> SOURCE DATA:
Start of Block
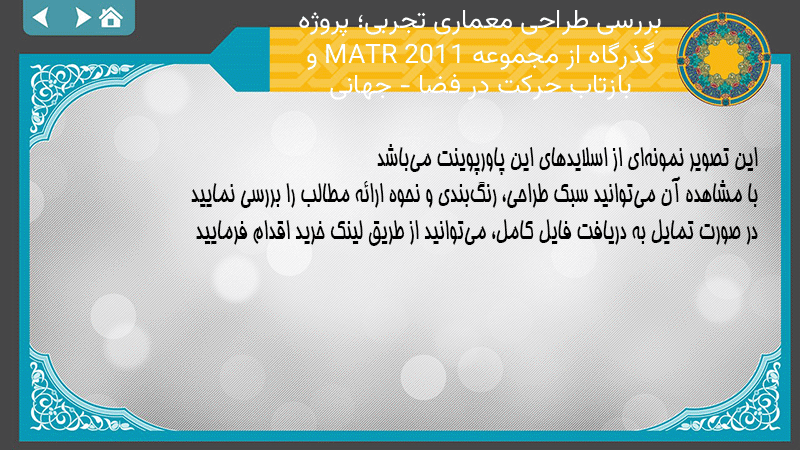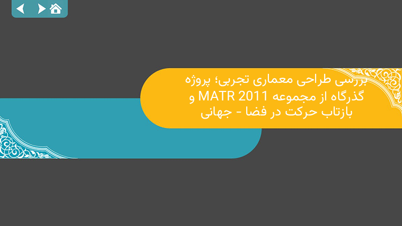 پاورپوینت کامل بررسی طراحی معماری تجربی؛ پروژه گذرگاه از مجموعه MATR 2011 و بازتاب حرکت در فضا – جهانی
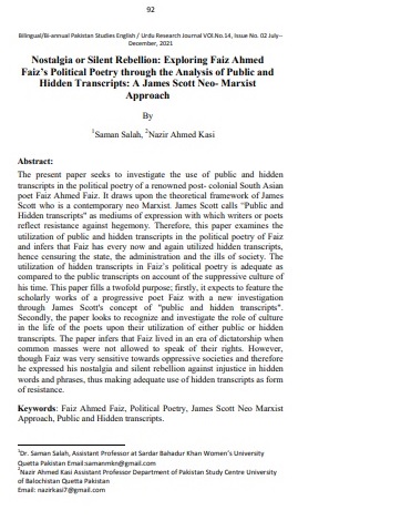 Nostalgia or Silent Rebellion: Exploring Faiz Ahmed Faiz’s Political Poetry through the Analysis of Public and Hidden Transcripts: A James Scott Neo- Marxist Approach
End of Block
Start of Block
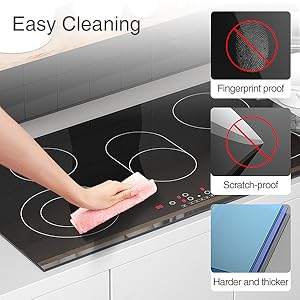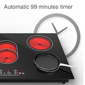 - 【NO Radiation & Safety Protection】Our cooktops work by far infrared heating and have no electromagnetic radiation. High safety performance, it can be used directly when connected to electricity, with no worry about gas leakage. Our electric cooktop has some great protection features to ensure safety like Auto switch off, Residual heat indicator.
End of Block
Start of Block
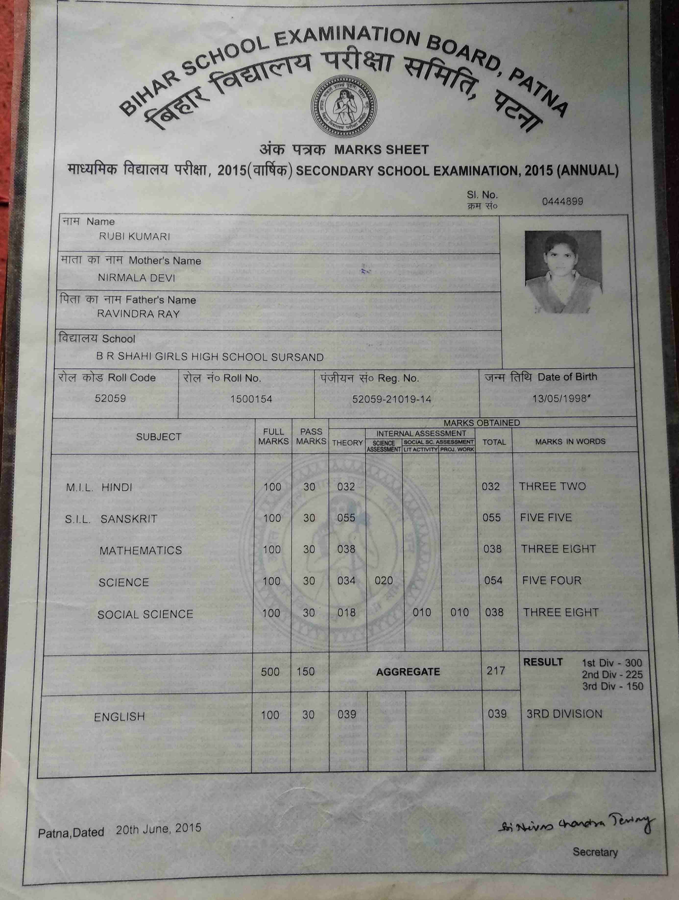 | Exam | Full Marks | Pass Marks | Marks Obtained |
End of Block
Retype the lines above exactly as they appear, from the line containing "پاورپوینت کامل بررسی" through the line containing "Nostalgia or Silent", and leave out any pictures.

> ANSWER BOX:
 پاورپوینت کامل بررسی طراحی معماری تجربی؛ پروژه گذرگاه از مجموعه MATR 2011 و بازتاب حرکت در فضا – جهانی
 Nostalgia or Silent Rebellion: Exploring Faiz Ahmed Faiz’s Political Poetry through the Analysis of Public and Hidden Transcripts: A James Scott Neo- Marxist Approach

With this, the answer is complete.